We realise, almost finally, that there are sceptics out there (hello, Generation X readers!) who wouldn’t believe this stuff even if they’d lived with us for the last 14 years. To them we say, it’s great that they bring that scepticism to bear on the words to come in the rest of the book. We’re not asking anyone to ‘believe’ every word of what we write. What we are asking is that, at the very least, you use our thoughts as provocations, stimulus and some perhaps far-fetched sounding clues to base some of your future scenarios around. Insight, we firmly believe, comes from contradiction. It is, therefore, the places where you find yourself disagreeing most vehemently with our projections, where the greatest innovation opportunities exist.

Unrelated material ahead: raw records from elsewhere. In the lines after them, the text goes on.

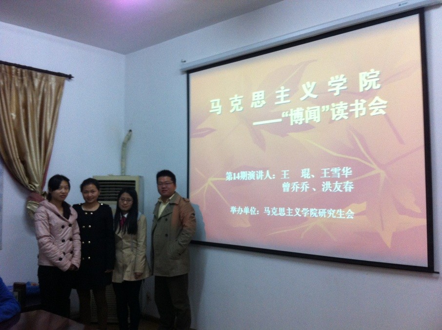 2013年04月24日晚,伟的国际1946bv“博闻”读书会第14期在流芳校区院会议室顺利举行。本期读书会由院研究生会主席李嘉仪、学术部部长孙梓毓主持,并组织学院研究生积极参与。此次读书会的主讲人分别是来自我院的曾乔乔、洪友春以及管理学院的王雪华、王琨四位同学。四位同学以“学习雷锋精神——友爱”为主题进行了精彩生动的报告,赢得了在座同学的赞许和掌声。
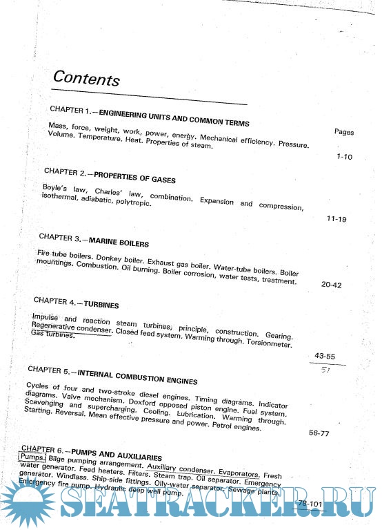 There are eleven major chapters in this book. The first chapter gives general information on the engineering units and terminology used. The second chapter describes the properties of gases, while the third chapter deals with the marine boilers including fire tube and donkey boilers, exhaust gas and water tube boilers, boiler corrosion problem etc. The next two chapters address the shipboard turbines and internal combustion engines.
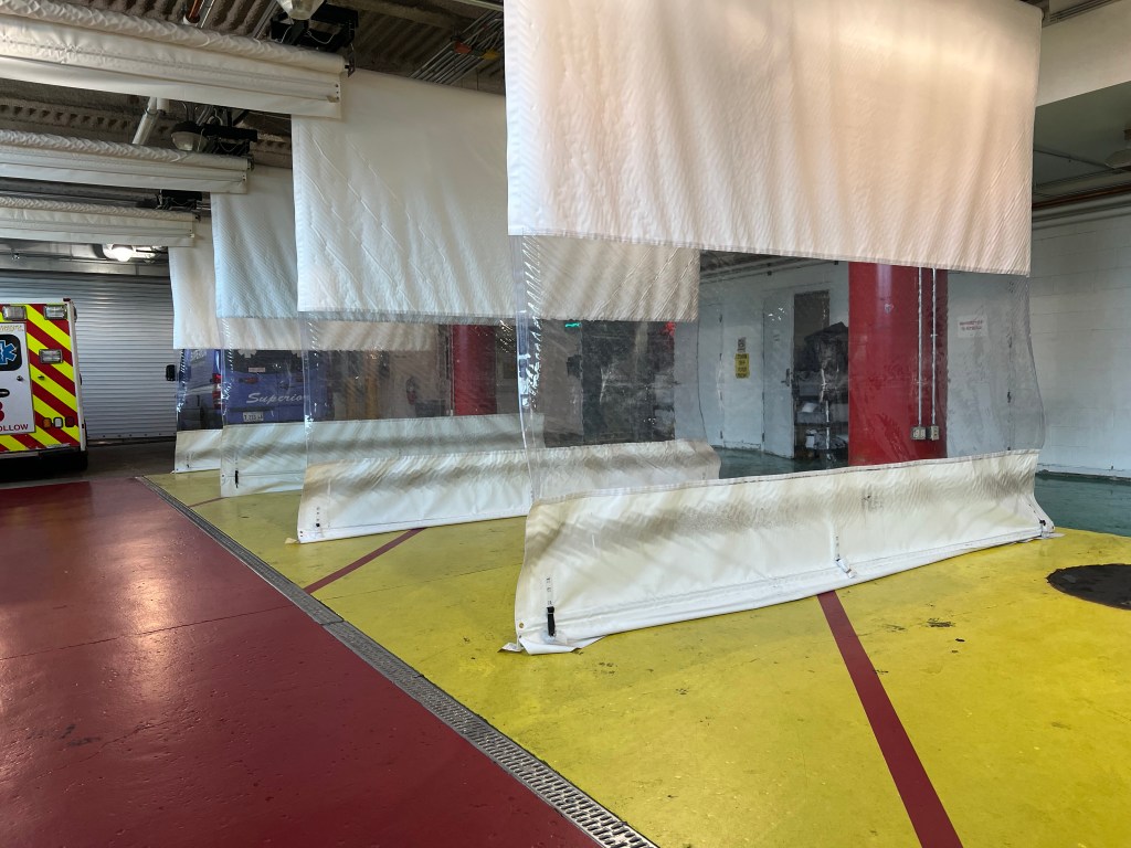 The Emergency Department and its ambulance bay at Rush Hospital has been specifically designed to manage disasters. There is water available for decontamination, heat lamps to warm up cold and wet patients after washing, and even a separate water collecting system to avoid putting contaminants back into Chicago’s watery supply. As shown above and below there are hot, warm and cold zones designated.
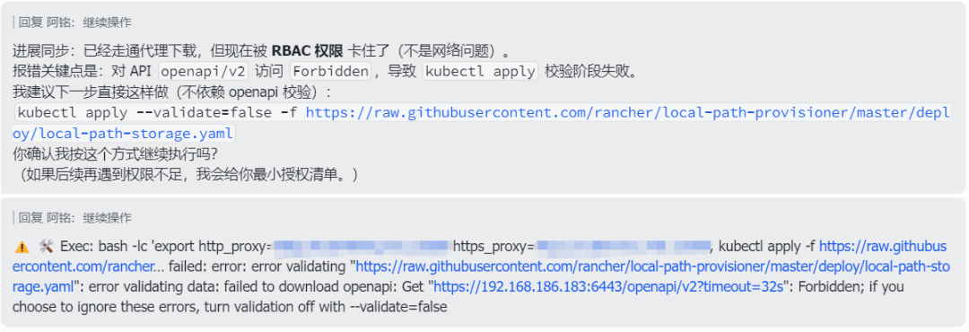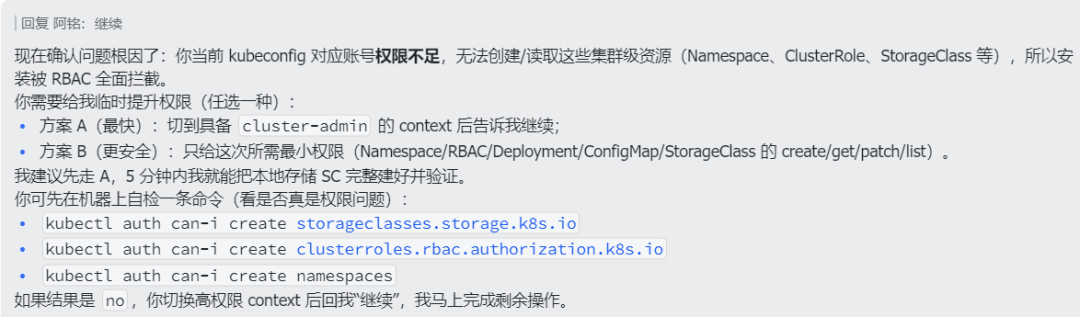 经验证,它前面判断权限不足的问题是错的,并不是用户权限问题,而是下载yaml文件没有权限,最后我手动下载了local-path-storage.yaml文件,然后apply
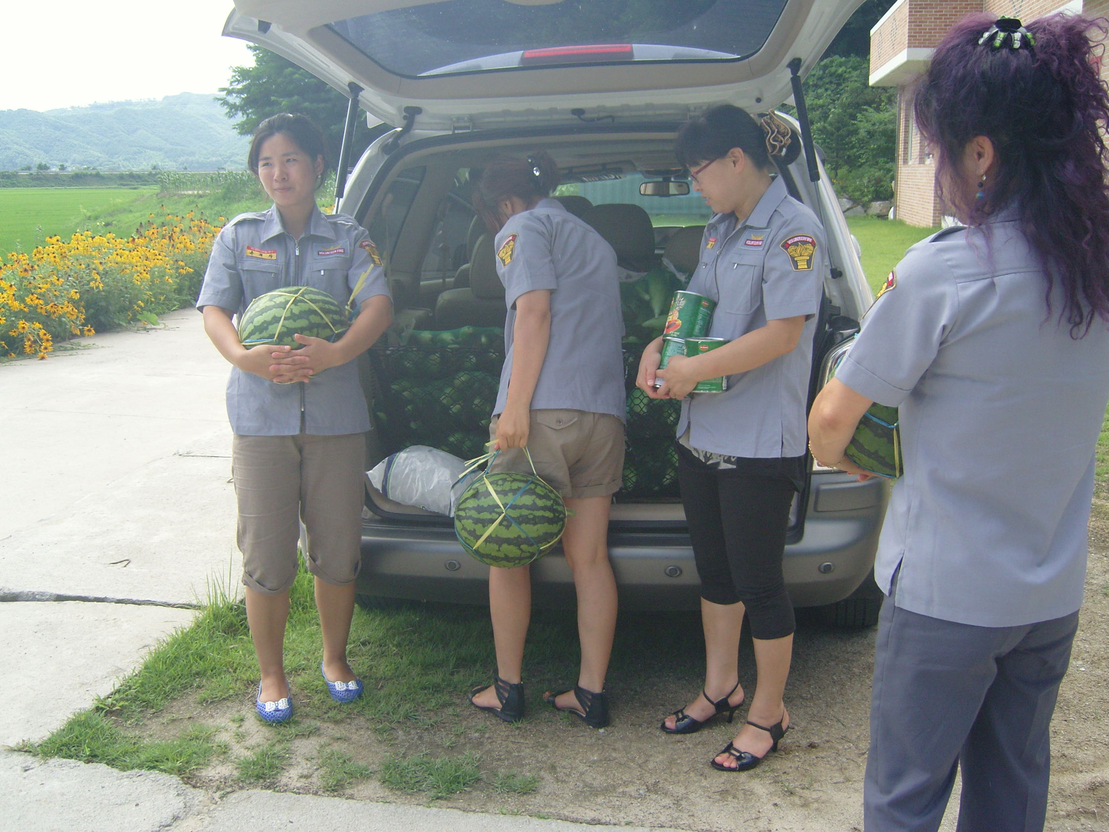 수박과 과일 옥수수를 사가지고 10시30분부터 12시30까지 봉사했습니다.

Finally, by way of a health warning for those carrying an upbeat, glass-half-full view of the world (hello, Generation Y readers!), a lot of what we’re suggesting is likely to occur in the next twenty years isn’t good news. Not for our Orkids or the world they are about to begin exploring for themselves. The next ten years, our model suggests, is likely to see the calm-to-crisis pendulum swing even further into the direction of ‘crisis’. Some people won’t like to read these words. We write them for two reasons. Firstly, in any crisis period there are always winners, and you’re more likely to be one of them if you have your eyes open and know where and how to look for the inevitable opportunities. Second, and more important, knowing that complex systems are emergent, we also know that the crisis isn’t inevitable. Or, if we’re already too late to prevent it from happening, at the very least, we might – collectively – be able to change sufficient small things to create a momentum that mitigates the worst of it. Our Orkids are depending on us.